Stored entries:
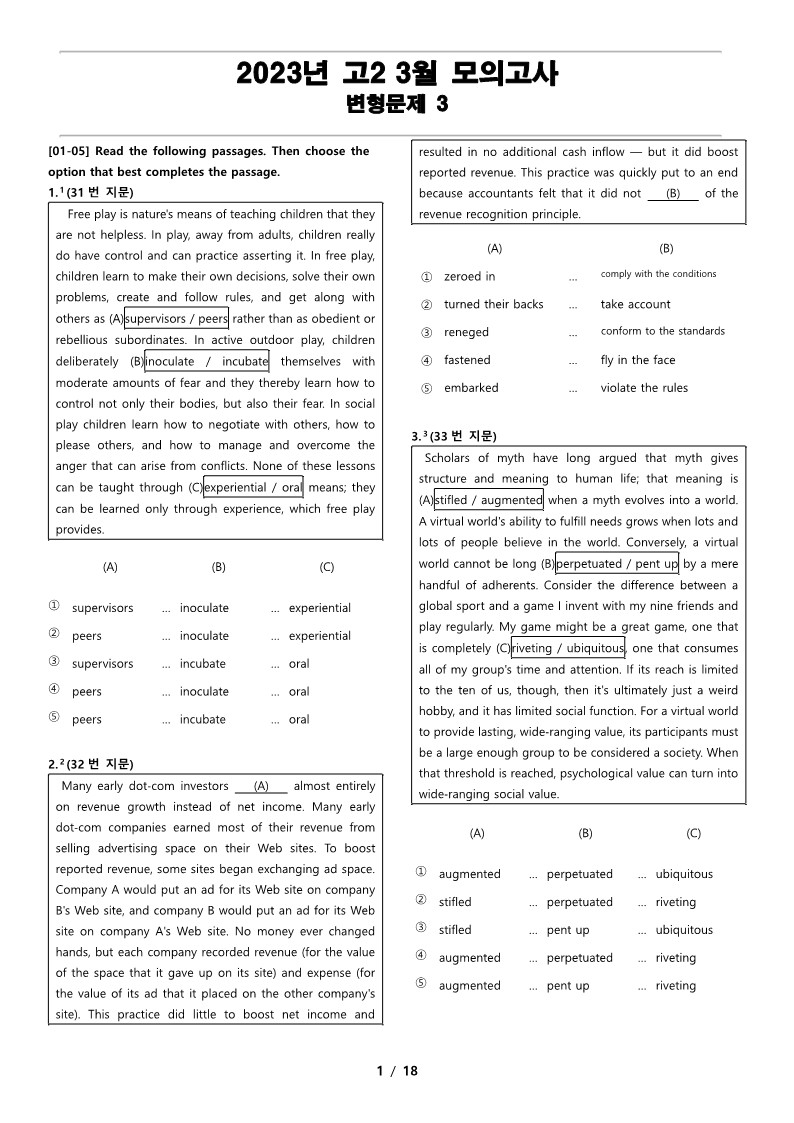 최상의 2023년 고2 3월 전국 연합 모의고사 변형 문제 3 을 선보입니다.
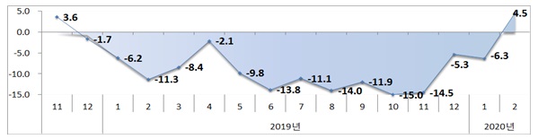 »ê¾÷ºÎ °ü°èÀÚ´Â “Áö³ÇØ 10¿ù ¼öÃâ ÀúÁ¡ ÀÌÈÄ °¨¼Ò¼¼°¡ Áö¼ÓÀûÀ¸·Î °³¼± Ãß¼¼¸¦ º¸ÀÎ °¡¿îµ¥, Äڷγª19 È®»ê¿¡µµ ºÒ±¸Çϰí ÀÌ´Þ ¼öÃâÀÌ 15°³¿ù ¸¸¿¡ Ç÷¯½º·Î ÀüȯÇß´Ù”¸ç “´Ù¸¸, Äڷγª19 ¿µÇâÀÌ Àå±â鵃 °æ¿ì ¼¼°è °æ±â µÐÈ¿¡ µû¸¥ ±³¿ª ºÎÁø ¹× Áß±¹¹ß ¼ö¿ä µÐÈ·Î ¿ÃÇØ 3¿ù ÀÌÈÄ ¼öÃâÀº ³ì·ÏÁö ¾ÊÀ» Àü¸Á”À̶ó°í ¤¾ú´Ù.
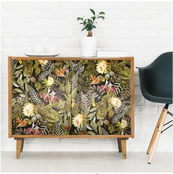 If you aren’t ready to go quite that bold as hanging this on a wall, use the wallpaper to recover an old dresser or cabinet for a posh new look. You could also use a roll of the wallpaper to line a serving tray, recover a door, embellish picture frames, and anything else you want to use to create a new look in your home. Be creative. Be bold!
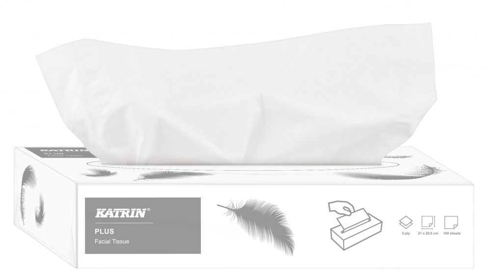Kosmētiskās papīra salvetes KATRIN Plus, 100 loksnes, baltas
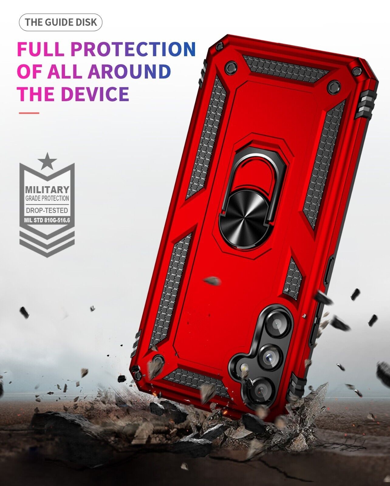 Samsung Galaxy A24 hoesje Armor TPU Back Cover Met Metalen Ring houder & standaard. Bescherming tegen stof, stoot & vuil en makkelijk in gebruik. De Samsung Galaxy A24 4G ring houder hoesje kan je op verschillende manieren gebruiken, bijvoorbeeld als een handige standaard om je favoriete filmpjes en video's te bekijken.
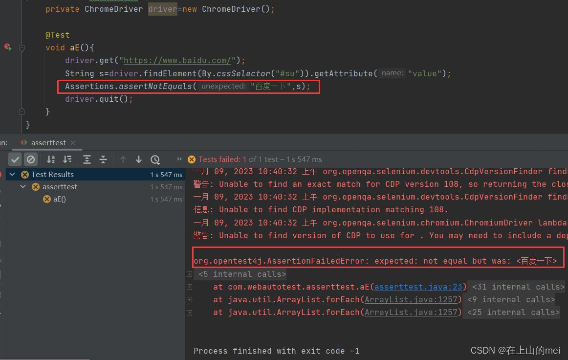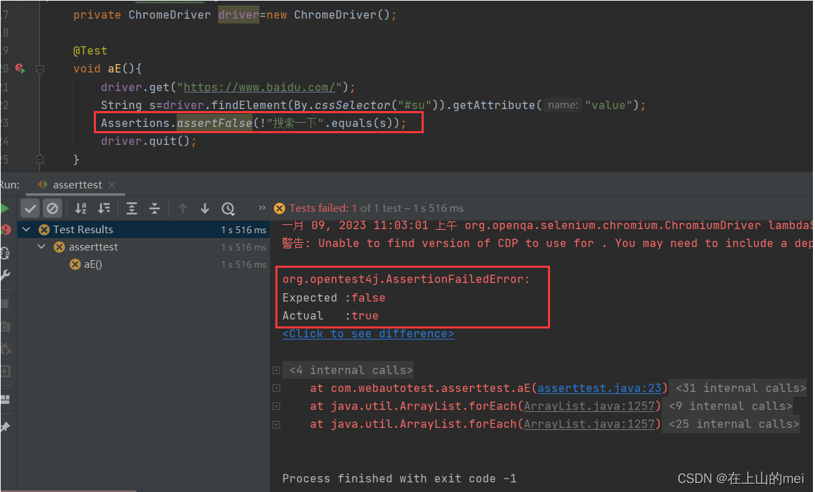 在没使用断言的时候,我们也能够得知测试结果,我们根据看是否是正常退出以及非正常退出时的抛出异常、以及如果使用的是@Test注解执行方法的时候,我们还能在左侧栏得知各个方法的执行结果,通过这些方面得知测试结果出错来源。但是方法中具体哪里出的错,我们不好判断。

PROBLEM DESCRIPTION: In the answer, the entries must appear exactly as above, without the images.

ANSWER BOX:
 최상의 2023년 고2 3월 전국 연합 모의고사 변형 문제 3 을 선보입니다.
 »ê¾÷ºÎ °ü°èÀÚ´Â “Áö³ÇØ 10¿ù ¼öÃâ ÀúÁ¡ ÀÌÈÄ °¨¼Ò¼¼°¡ Áö¼ÓÀûÀ¸·Î °³¼± Ãß¼¼¸¦ º¸ÀÎ °¡¿îµ¥, Äڷγª19 È®»ê¿¡µµ ºÒ±¸Çϰí ÀÌ´Þ ¼öÃâÀÌ 15°³¿ù ¸¸¿¡ Ç÷¯½º·Î ÀüȯÇß´Ù”¸ç “´Ù¸¸, Äڷγª19 ¿µÇâÀÌ Àå±â鵃 °æ¿ì ¼¼°è °æ±â µÐÈ¿¡ µû¸¥ ±³¿ª ºÎÁø ¹× Áß±¹¹ß ¼ö¿ä µÐÈ·Î ¿ÃÇØ 3¿ù ÀÌÈÄ ¼öÃâÀº ³ì·ÏÁö ¾ÊÀ» Àü¸Á”À̶ó°í ¤¾ú´Ù.
 If you aren’t ready to go quite that bold as hanging this on a wall, use the wallpaper to recover an old dresser or cabinet for a posh new look. You could also use a roll of the wallpaper to line a serving tray, recover a door, embellish picture frames, and anything else you want to use to create a new look in your home. Be creative. Be bold!
Kosmētiskās papīra salvetes KATRIN Plus, 100 loksnes, baltas
 Samsung Galaxy A24 hoesje Armor TPU Back Cover Met Metalen Ring houder & standaard. Bescherming tegen stof, stoot & vuil en makkelijk in gebruik. De Samsung Galaxy A24 4G ring houder hoesje kan je op verschillende manieren gebruiken, bijvoorbeeld als een handige standaard om je favoriete filmpjes en video's te bekijken.
 在没使用断言的时候,我们也能够得知测试结果,我们根据看是否是正常退出以及非正常退出时的抛出异常、以及如果使用的是@Test注解执行方法的时候,我们还能在左侧栏得知各个方法的执行结果,通过这些方面得知测试结果出错来源。但是方法中具体哪里出的错,我们不好判断。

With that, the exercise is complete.